Speaking at a peace conference in Oklahoma on Thursday,
Archbishop Welby said that the Church should neither pretend
violence was not happening, nor be compromised by being drawn into
it. Instead, he proposed a "prophetic response to violence which
accepts the world as it is and seeks to bring redemption and
salvation".
He told his audience at the Reclaiming the Gospel of Peace
conference, in Oklahoma City, of how the provost of Coventry
Cathedral had begun a reconciliation ministry, following the
destruction of the cathedral and much of the town in German bombing
raids during the Second World War.
Archbishop Welby worked as a canon at the cathedral for five
years, and said it was essential to recognise the evil at the heart
of humanity and how violence "damages the soul", if the Church
wished to speak out against it.
"Reconciliation and an end to violence is something that can
only be achieved by sacrifice and by a prophetic stand. There are
no shortcuts and no cheap options."
Speaking of how the US Church should respond to violence, he
cited the shooting in 2012 at Sandy Hook, where 20 children and six
teachers had been killed at a primary school, as well as the
bombing of a US government building in Oklahoma in 1995, which
killed 168 people.
He acknowledged that, coming from a different culture in the UK,
it would be "discourteous" for him to tell Americans what to
think.
"What does [reconciliation] look like in the USA where there are
people who are faithful Christians on all sides of the debate about
guns?" he asked.
"What it does not mean is to shout louder from your corner in
the conviction that you are right and everyone else is stupid.

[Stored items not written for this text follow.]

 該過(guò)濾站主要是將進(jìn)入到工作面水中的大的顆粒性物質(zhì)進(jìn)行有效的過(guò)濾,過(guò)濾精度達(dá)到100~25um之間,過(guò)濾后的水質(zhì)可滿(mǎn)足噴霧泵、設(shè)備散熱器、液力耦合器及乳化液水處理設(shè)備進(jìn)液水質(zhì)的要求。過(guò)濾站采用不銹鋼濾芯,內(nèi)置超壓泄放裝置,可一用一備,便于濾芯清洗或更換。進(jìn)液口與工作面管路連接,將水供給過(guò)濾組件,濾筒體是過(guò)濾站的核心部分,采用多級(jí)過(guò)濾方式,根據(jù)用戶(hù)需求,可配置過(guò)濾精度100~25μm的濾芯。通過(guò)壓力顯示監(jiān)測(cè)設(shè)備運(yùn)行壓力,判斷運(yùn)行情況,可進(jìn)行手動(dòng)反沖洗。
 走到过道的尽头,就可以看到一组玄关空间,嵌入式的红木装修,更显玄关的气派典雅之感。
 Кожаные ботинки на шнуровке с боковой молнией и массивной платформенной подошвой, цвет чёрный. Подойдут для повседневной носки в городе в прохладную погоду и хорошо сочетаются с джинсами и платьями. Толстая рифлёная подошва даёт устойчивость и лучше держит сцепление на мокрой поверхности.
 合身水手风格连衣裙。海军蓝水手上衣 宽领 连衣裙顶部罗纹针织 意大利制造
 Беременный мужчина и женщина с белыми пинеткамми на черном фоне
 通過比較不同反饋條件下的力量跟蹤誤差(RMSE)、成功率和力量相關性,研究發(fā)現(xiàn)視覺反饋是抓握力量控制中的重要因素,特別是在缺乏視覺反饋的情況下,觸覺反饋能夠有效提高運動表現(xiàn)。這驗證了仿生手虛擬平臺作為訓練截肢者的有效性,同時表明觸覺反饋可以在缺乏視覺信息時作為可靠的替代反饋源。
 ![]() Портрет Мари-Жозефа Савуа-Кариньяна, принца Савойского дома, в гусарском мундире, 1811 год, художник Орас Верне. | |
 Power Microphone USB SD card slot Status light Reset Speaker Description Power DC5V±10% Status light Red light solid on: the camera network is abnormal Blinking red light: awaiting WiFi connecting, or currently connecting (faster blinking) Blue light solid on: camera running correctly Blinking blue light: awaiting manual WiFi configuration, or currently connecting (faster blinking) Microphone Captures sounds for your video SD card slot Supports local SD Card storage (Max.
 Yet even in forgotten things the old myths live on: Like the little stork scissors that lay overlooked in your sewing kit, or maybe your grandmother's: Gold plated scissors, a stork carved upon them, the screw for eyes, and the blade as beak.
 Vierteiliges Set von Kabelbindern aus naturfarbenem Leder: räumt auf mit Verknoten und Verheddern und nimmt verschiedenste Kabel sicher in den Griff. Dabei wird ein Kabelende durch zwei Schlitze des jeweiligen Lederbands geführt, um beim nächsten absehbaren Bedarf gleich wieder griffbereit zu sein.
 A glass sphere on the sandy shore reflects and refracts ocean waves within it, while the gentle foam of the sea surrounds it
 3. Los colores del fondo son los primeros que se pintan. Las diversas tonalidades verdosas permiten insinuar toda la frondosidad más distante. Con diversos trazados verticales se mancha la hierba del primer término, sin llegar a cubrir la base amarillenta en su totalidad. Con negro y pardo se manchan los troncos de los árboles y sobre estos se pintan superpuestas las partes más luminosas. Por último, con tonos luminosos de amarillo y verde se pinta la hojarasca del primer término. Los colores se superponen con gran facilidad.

Rather, a Church committed to the reclaiming of the gospel of peace
looks like those who join their enemies on their knees.
"Here in the USA you look at questions of gun law and violence.

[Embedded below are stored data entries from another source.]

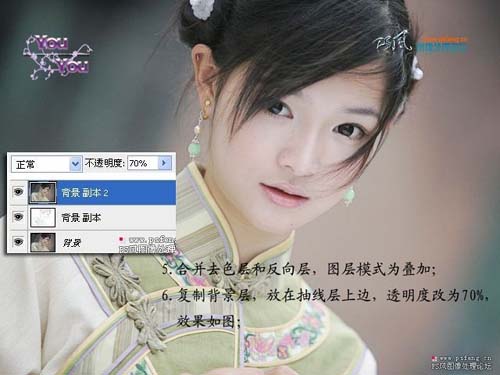 6、复制背景层,放在抽线层上边,透明度改为:70%。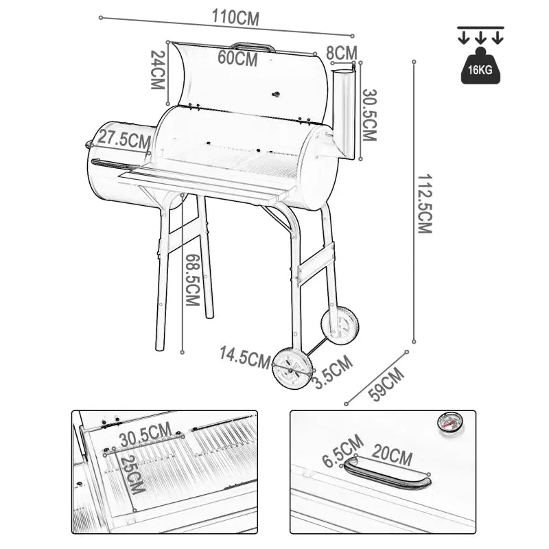 Ervaar het ultieme barbecuegenot met de BukkitBow Houtskoolbarbecue. Deze barbecue, gemaakt van hoogwaardig staal, combineert duurzaamheid met uitstekende prestaties. Met een totale afmeting van 115 x 53 x 114 cm en drie grillroosters van elk 25 x 30 cm, biedt deze barbecue voldoende ruimte om heerlijke gerechten voor een groot gezelschap te bereiden. De warming surface van 25 x 21.5 cm houdt je gerechten warm, zodat je kunt blijven grillen zonder onderbreking. Geniet samen met familie en vrienden van de perfecte barbecue-ervaring.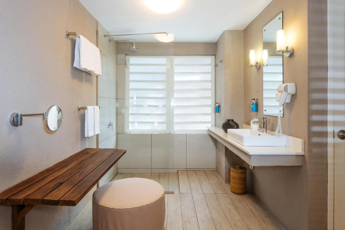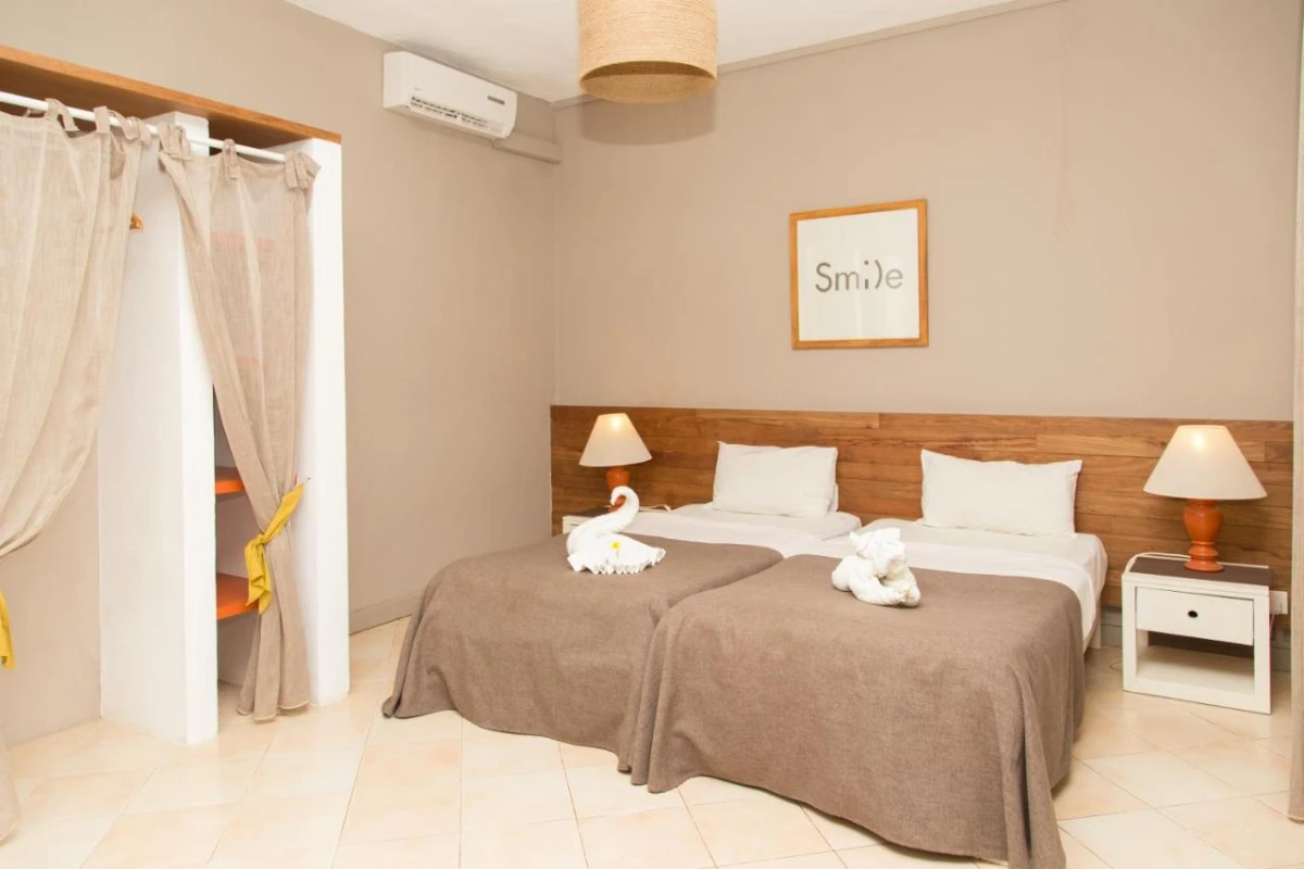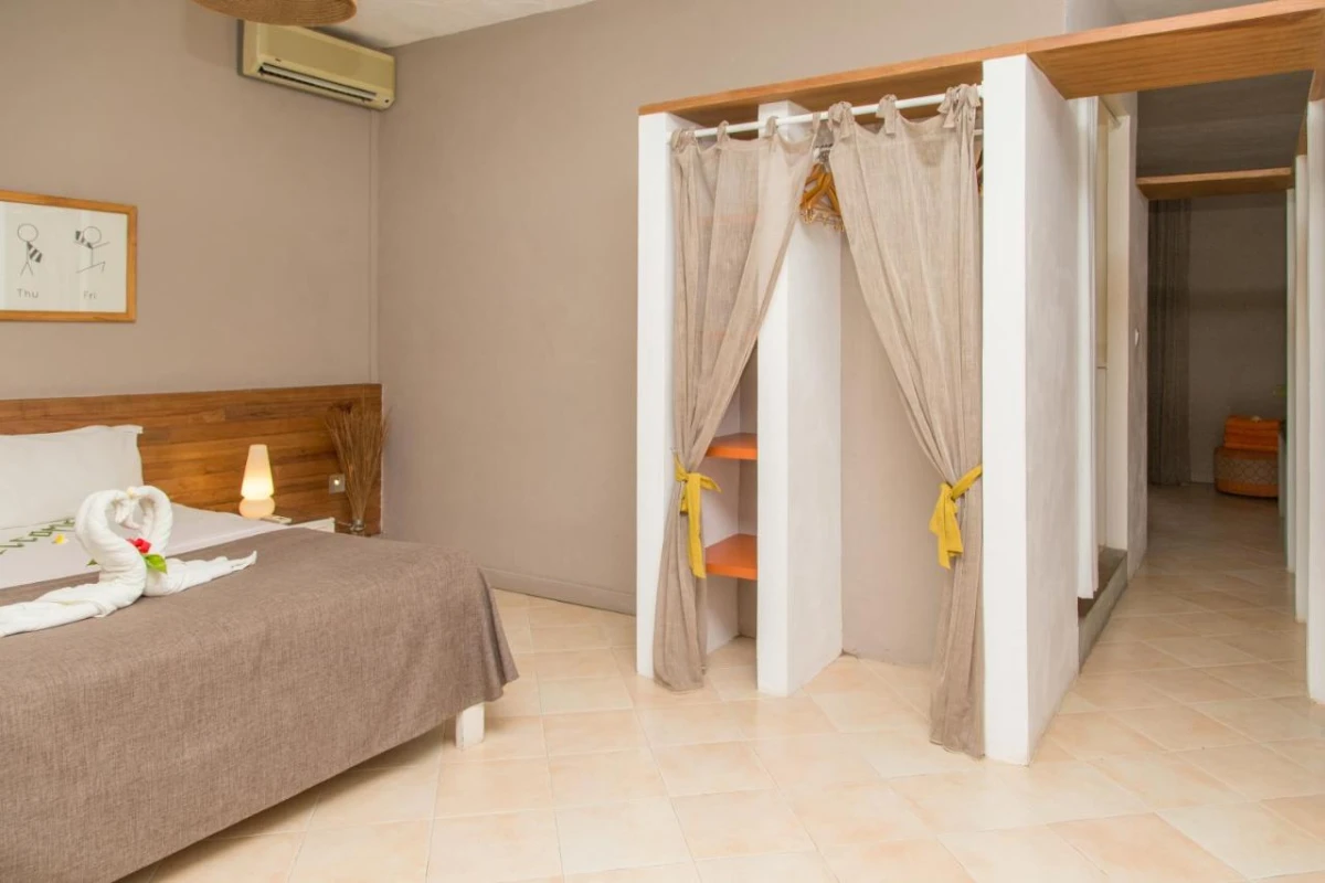 The 50 recently renovated rooms, nestled among thatched beach huts and exotic tropical plants, offer air-conditioned comfort with modern amenities and private terraces showcasing views of the shimmering Indian Ocean or lush gardens. Each space, designed with a fresh, soothing aesthetic, invites guests to unwind in a serene, home-like ambiance, with select rooms tailored for couples seeking intimacy.

Perhaps part of the answer is not only advocacy, and that must
happen, but being on knees together with the poorest and the most
vulnerable in your local communities."
The Episcopal Church has been increasingly drawn into the
national debate on guns in America in recent years. Earlier this
year, the law in the state of Georgia was changed, making it
possible for churchgoers to bring firearms into church for the
first time.
Bishops and clerics expressed their discomfort with the idea of
parishioners carrying weapons in the pews. In an open letter
opposing the new law, the Bishops of Atlanta and Georgia, the Rt
Revd Robert C. Wright and Scott Anson Benhase, remarked that
supporters of the Bill "claim that if only the 'bad guys' have
guns, then the 'good guys' cannot stop them.
"Our Christian faith has a more complex understanding of 'good
guys' and 'bad guys'. Our biblical understanding of human sin
informs us of this universal truth. This Bill solves nothing, and
it only creates the potential for more gun violence, not less."

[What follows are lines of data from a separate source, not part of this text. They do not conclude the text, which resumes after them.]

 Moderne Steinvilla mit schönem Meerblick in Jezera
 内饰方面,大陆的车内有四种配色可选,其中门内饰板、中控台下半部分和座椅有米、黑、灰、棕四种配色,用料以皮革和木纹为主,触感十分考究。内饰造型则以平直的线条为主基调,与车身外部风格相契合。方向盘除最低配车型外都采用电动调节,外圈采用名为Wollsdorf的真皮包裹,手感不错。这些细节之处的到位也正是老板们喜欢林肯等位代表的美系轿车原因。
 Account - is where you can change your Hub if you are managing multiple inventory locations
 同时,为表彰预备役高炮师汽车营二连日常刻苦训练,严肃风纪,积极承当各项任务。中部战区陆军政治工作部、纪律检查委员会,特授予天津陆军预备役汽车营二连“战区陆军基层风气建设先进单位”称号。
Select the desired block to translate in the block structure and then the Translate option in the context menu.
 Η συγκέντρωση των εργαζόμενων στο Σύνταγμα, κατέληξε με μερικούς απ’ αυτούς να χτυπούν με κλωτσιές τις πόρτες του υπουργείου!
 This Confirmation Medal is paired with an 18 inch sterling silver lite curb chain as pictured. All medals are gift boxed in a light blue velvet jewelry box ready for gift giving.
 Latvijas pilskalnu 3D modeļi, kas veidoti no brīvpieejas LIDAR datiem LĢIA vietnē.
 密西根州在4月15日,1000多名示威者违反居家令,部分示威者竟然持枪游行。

Separately, a group of more than 30 Episcopalian bishops have
started a campaign to introduce stricter gun regulation.
Called Bishops Against Gun Violence, the group lobbies for
expanding the system of background checks on those buying firearms,
ensuring that guns are stored safely, and improving access to
mental healthcare.
The three bishops who convened the group said: "We will no
longer be silent while violence permeates our world, our society,
our Church, our homes and ourselves. Our faith calls us to be
ministers of reconciliation, to give voice to the voiceless and to
strive for justice in the name of our Lord."